▶ **RECORD SET**
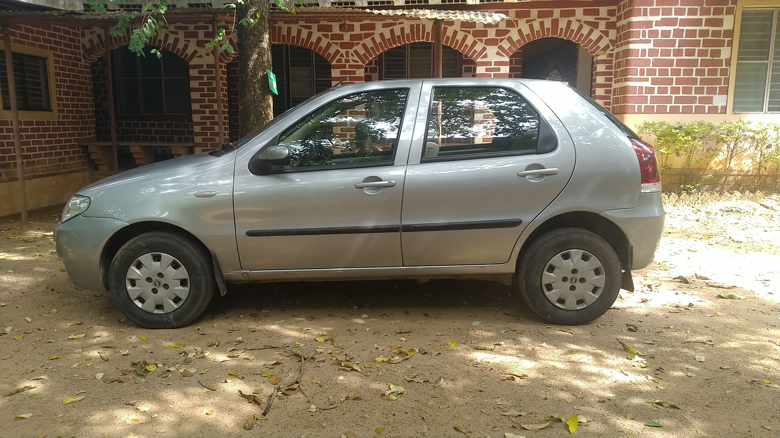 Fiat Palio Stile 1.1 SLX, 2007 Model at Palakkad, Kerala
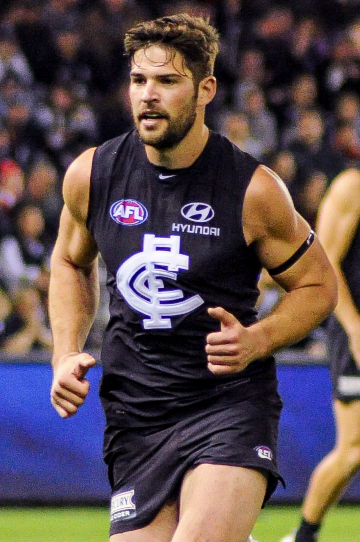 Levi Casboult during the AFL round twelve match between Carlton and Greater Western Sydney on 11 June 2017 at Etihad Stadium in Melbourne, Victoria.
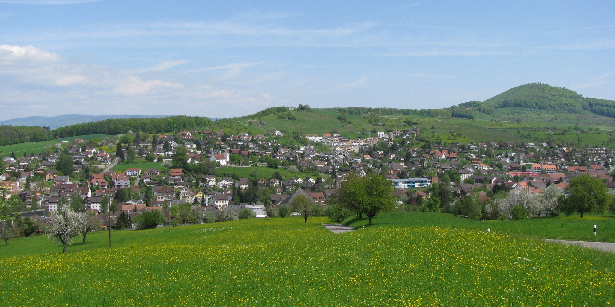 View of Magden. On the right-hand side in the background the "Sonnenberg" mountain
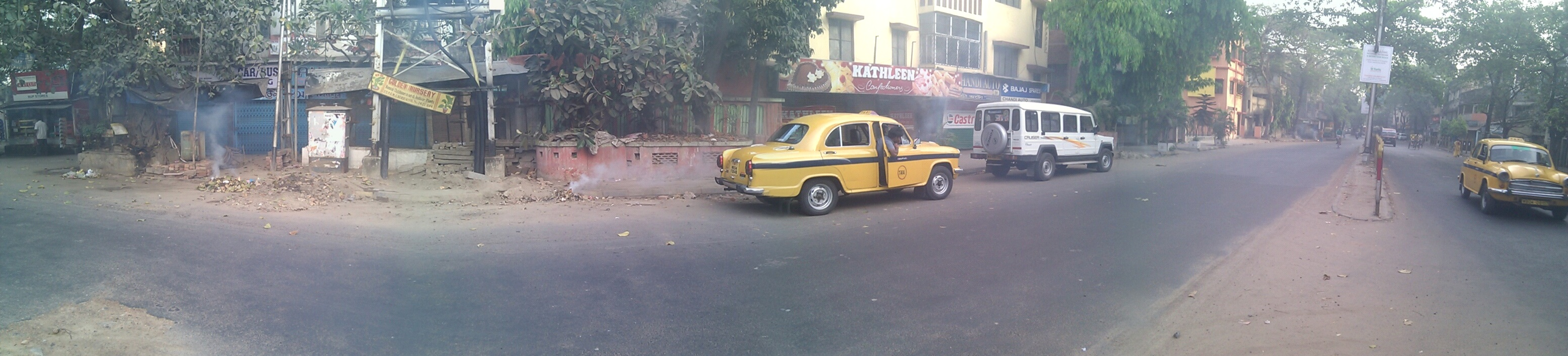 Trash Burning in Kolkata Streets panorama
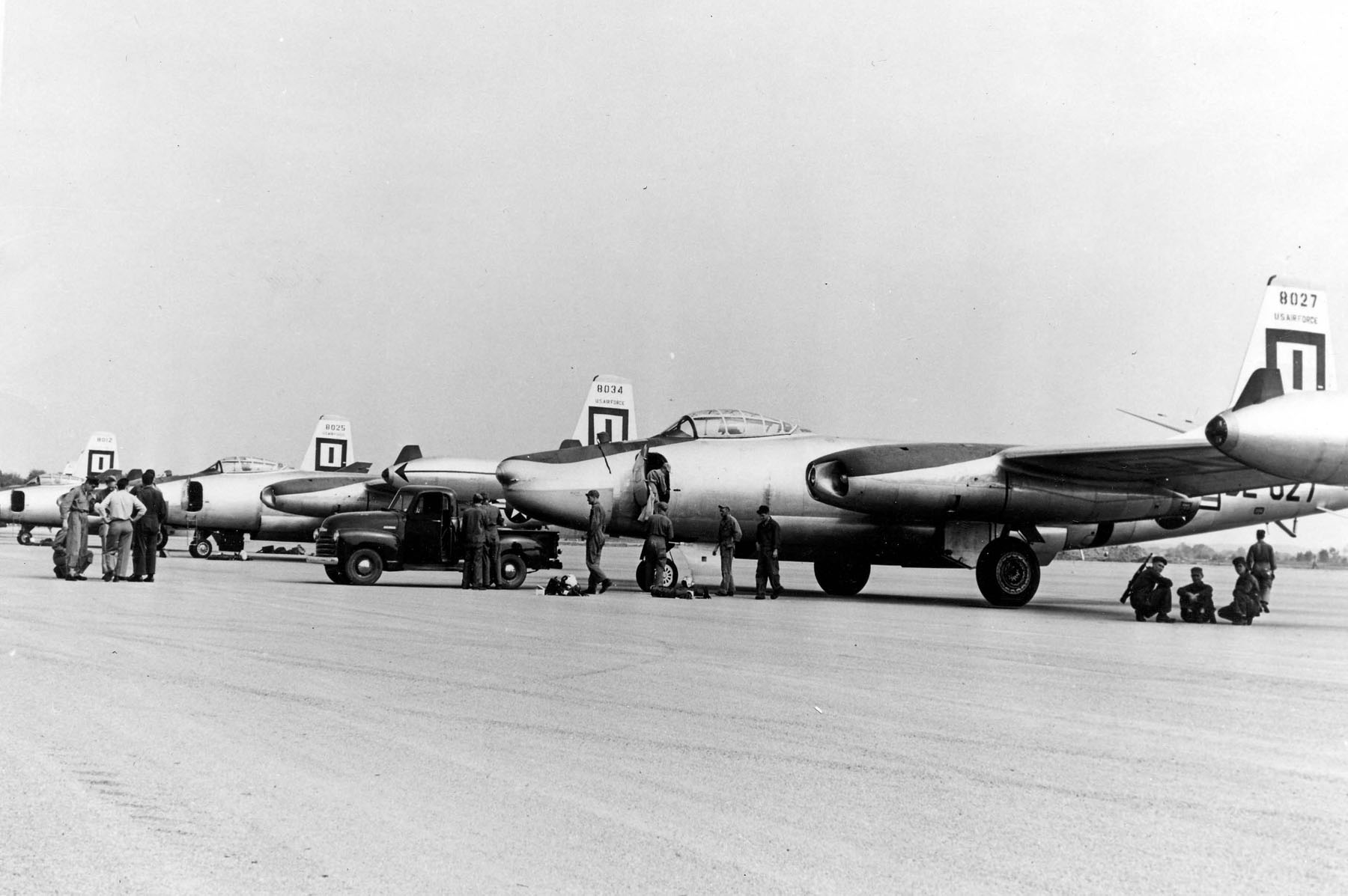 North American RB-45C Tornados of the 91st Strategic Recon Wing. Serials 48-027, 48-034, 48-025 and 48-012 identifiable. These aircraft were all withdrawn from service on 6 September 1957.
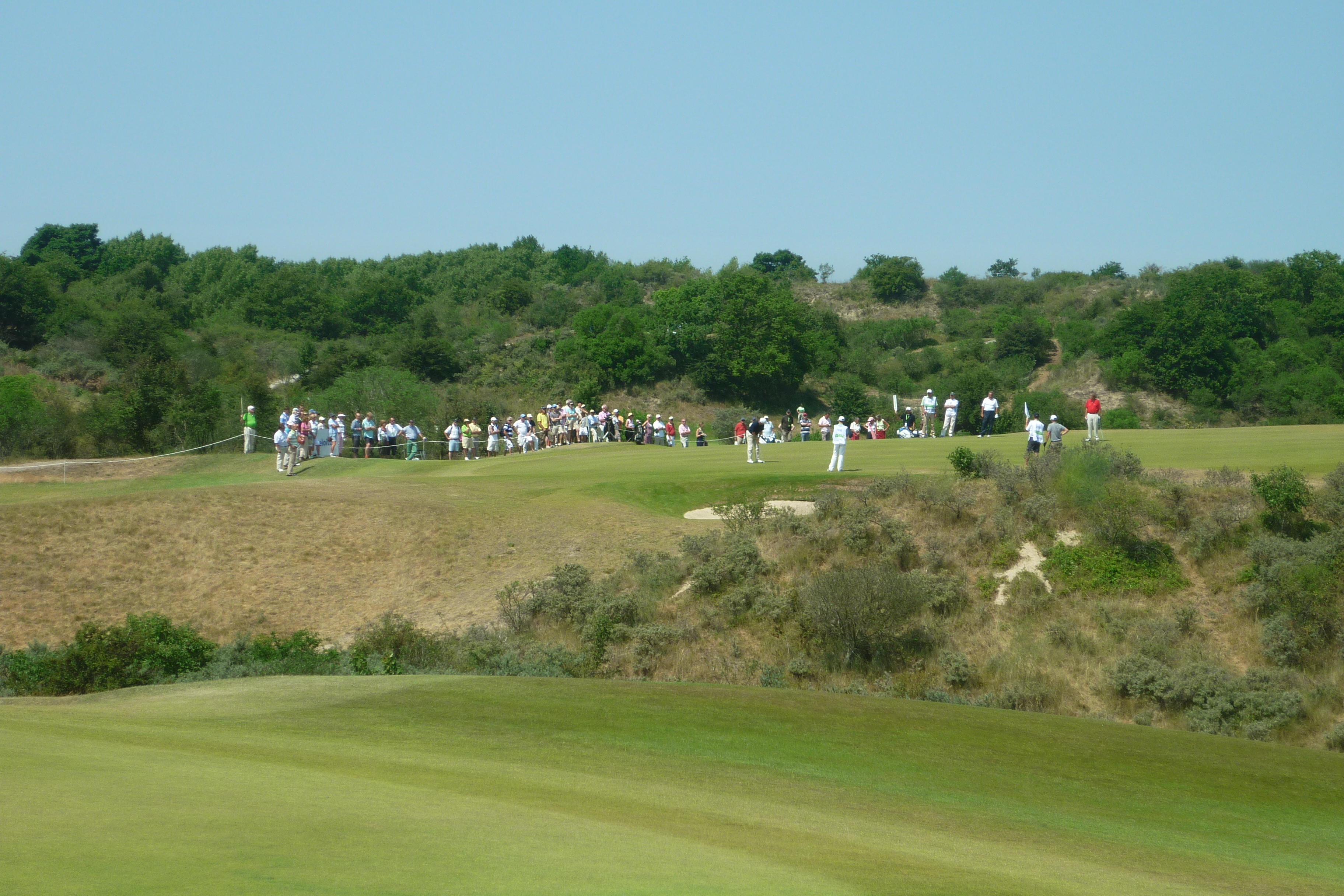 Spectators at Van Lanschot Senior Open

==

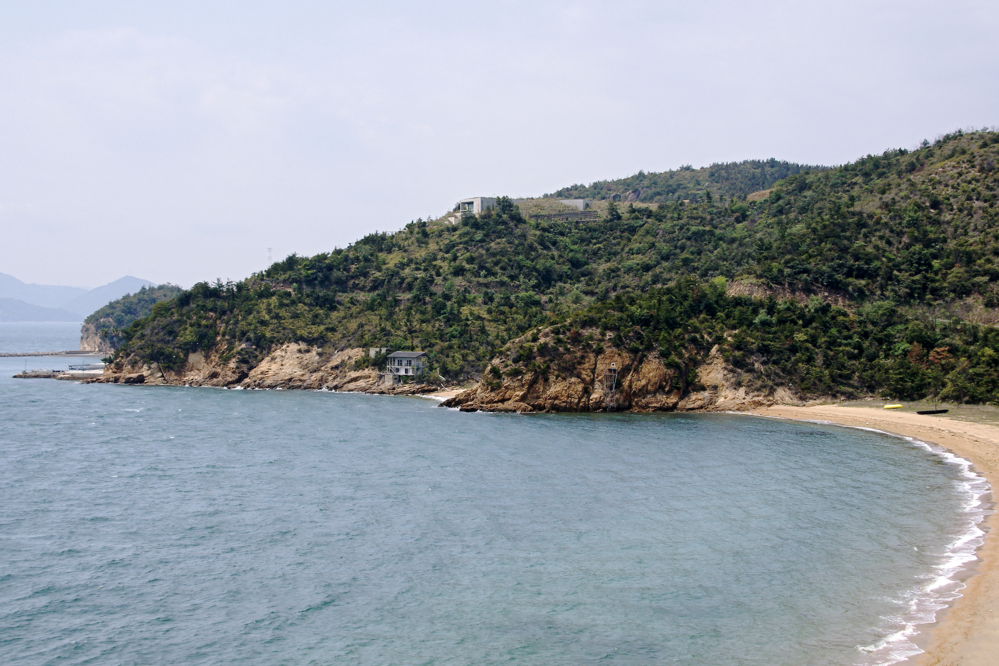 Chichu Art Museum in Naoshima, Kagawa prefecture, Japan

▶ **WHAT THIS TASK INVOLVES**
Skipping the pictures, print the lines in the listing above exactly as written, starting at the line with "North American RB-45C" and ending at the line with "Spectators at Van Lanschot Senior Open", both included.

▶ **OUTPUT BELOW**
 North American RB-45C Tornados of the 91st Strategic Recon Wing. Serials 48-027, 48-034, 48-025 and 48-012 identifiable. These aircraft were all withdrawn from service on 6 September 1957.
 Spectators at Van Lanschot Senior Open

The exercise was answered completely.